Alexandra was one of the youngest victims of the Beirut explosions, whose human cost so far includes 150 deaths, nearly 6,000 injured and another 300,000 homeless.

After citizens and residents independently organized and cleaned up the streets and homes of the areas most affected by the blast’s impact, shock turned to anger.

 

 

“My message to the Lebanese is a message of unity,” Paul Najjar said in the interview. “They killed us — they didn’t kill Christians or Muslims or politically-affiliated or not politically-affiliated. There is none of this anymore — a message to all the people who are still following these people.

“Please, enough. We need to stand together. We need to stand united so that we can make the change, so we can revolt for the sake of Alexandra and every child and every family that wants to live in this country like we had hope for.”

Paul Najjar said he and his wife returned to Lebanon and set up a company in an effort to help the country.

“We had hope that we would help the country. We also hoped that Alixou would grow up in Lebanon,” he said.

On Saturday, thousands of Lebanese made their way to Beirut’s Martyrs’ Square demanding accountability for the explosions, and the resignation of all government officials. Many of them carried nooses, which they used for symbolic hangings of Lebanon’s principal political actors, including Hezbollah leader Hassan Nasrallah.

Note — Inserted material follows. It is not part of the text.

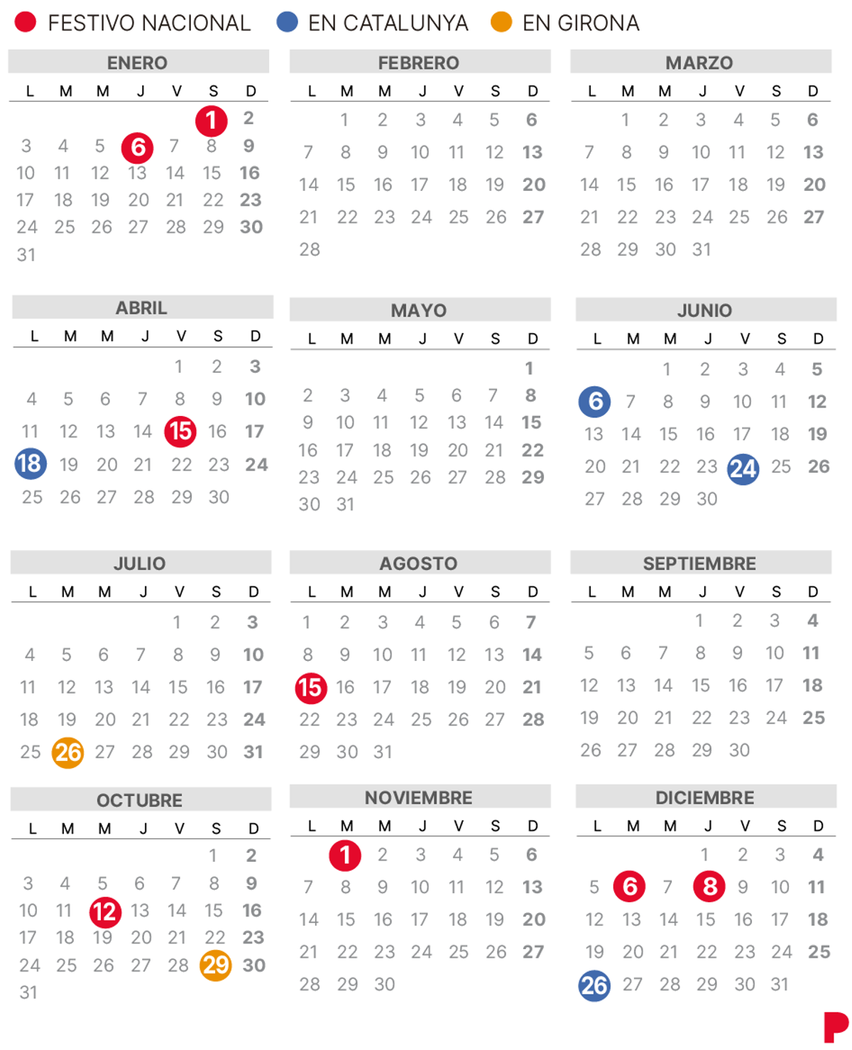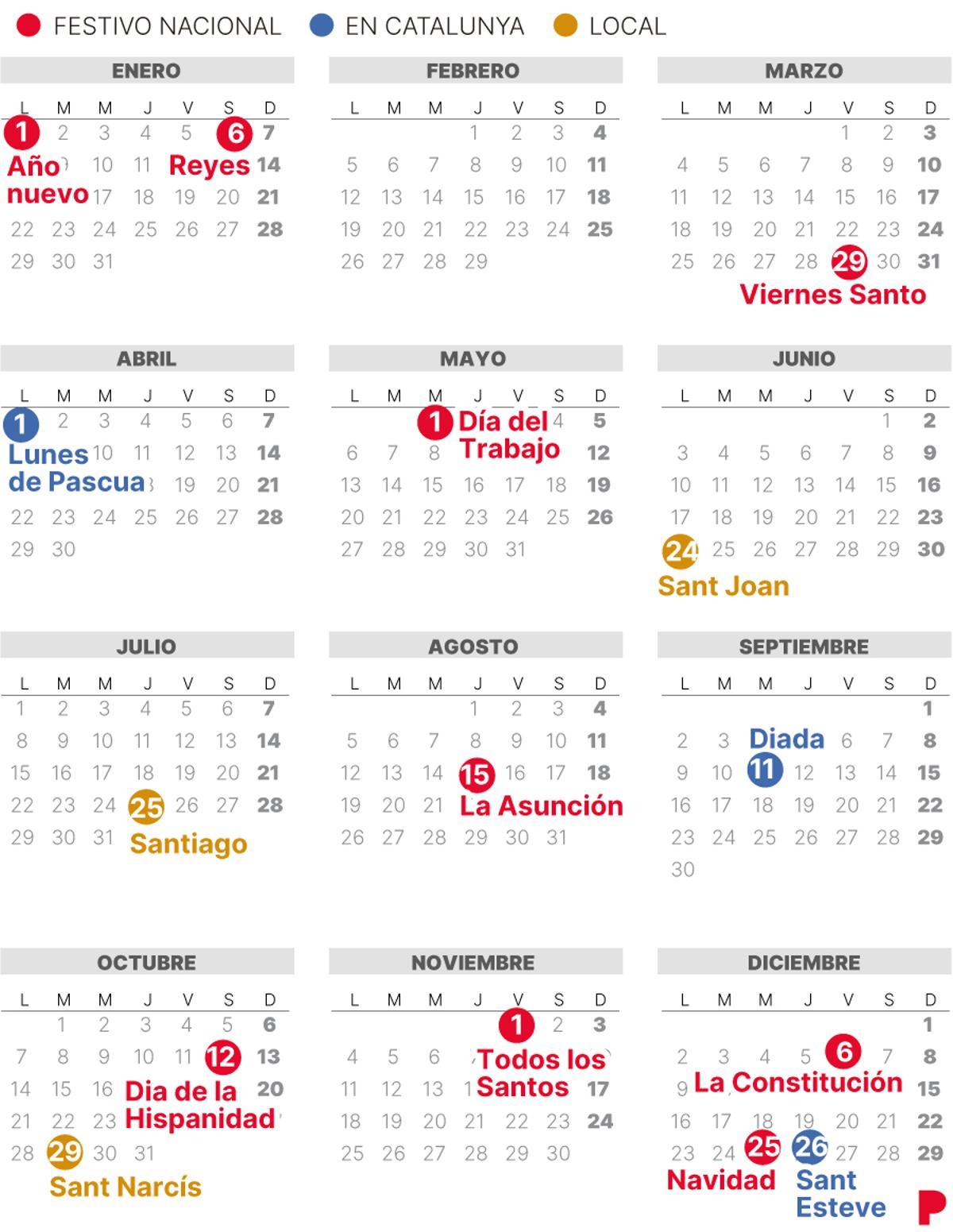 calendario laboral girona 2024 – Para el año que viene, Girona contará con tres días festivos que caerán en lunes (el 1 de enero, el 1 de abril y el 24 de junio), un festivo que caerá en martes (el 29 de octubre), tres festivos que . Son muchos los trabajadores que buscan el calendario laboral de 2024 para conocer cuántos días quedan para un puente o para un festivo que permita descansar de la jornada laboral. El calendario .

The government responded by deploying riot police and the army, who used rubber bullets and tear gas to subdue similar protests in front of the parliament in Riad Al-Solh Square and the nearby Beirut Souks.

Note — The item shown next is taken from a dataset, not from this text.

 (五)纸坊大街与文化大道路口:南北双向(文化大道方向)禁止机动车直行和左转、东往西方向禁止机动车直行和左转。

Lebanese Red Cross and the Islamic Emergency and Relief Corps figures showed that the clashes left 728 more Lebanese injured, of whom 153 were taken to hospital and 575 treated on site.

“For your information, rubber bullets could kill and cause permanent damage. If necessary, it should be aimed at legs only. Yesterday, and in one hospital, there were seven open surgical eyes and a ruptured abdominal spleen,” Mohammad Jawad Khalifeh, a former Minister of Health, said on Twitter.

Meanwhile, little light has been shed by the government on why such a huge quantity of a highly combustible chemical was stored next to the Beirut Port Silos building after being confiscated from a Russian-leased ship six years ago.

“The incident might be a result of negligence or external intervention through a missile or a bomb,” President Michel Aoun said on Friday.

Whatever the truth, UNICEF has warned that almost 80,000 of those displaced by the “incident” are children whose families are in desperate need of support. 

One children’s hospital in the Karantina area, which had a specialized unit treating critical newborns, was destroyed.

Across Beirut, at least 12 primary health care facilities, maternal, immunization and newborn centers have been damaged, disrupting services for nearly 120,000 people.

Against this grim backdrop, Paul Najjar and his wife are hoping that Alexandra’s death will not be in vain but will have a positive impact when the nation rebuilds itself.